Журнал «Если», 2005 № 04 - Бенилов Евгений Семенович. Страница 32
Константайн криво усмехнулся.
— Мои занятия естественной и научной магией и христианской кабалистикой кое-чему меня научили, но искусством оживлять мертвых я так и не овладел — и, быть может, к лучшему. Мне приходилось терять друзей и… и людей более близких, так что мне, конечно, хотелось бы снова услышать их голоса, но я боюсь, что если бы я умел разговаривать с мертвыми, не осталось бы времени для живых.
— Уверяю тебя, разговоры со скелетами тебе бы очень скоро надоели.

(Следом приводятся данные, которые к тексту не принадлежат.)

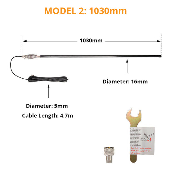 - 1 x UHF Antenna with Spring Base (720 mm or 1030 mm)

Голоса мертвых можно услышать, но они не приносят утешения, — усмехнулась матушка Пейшнз, а Энн подумала, что сказал бы ей Джек Коленкор, если бы ей довелось снова услышать его грубоватый, просоленный баритон. А что сказала бы ей Мэри? Был бы ее голос все таким же нежным и ласковым после четырех лет, проведенных в могиле? Ах, если б только у нее было с собой хоть несколько глотков рома! Тогда, быть может… Нет, нельзя, одернула себя Энн. И без того ее основательно мутило. Еще немного, и она просто упадет и заснет, а для этой странной работенки ей нужна ясная голова!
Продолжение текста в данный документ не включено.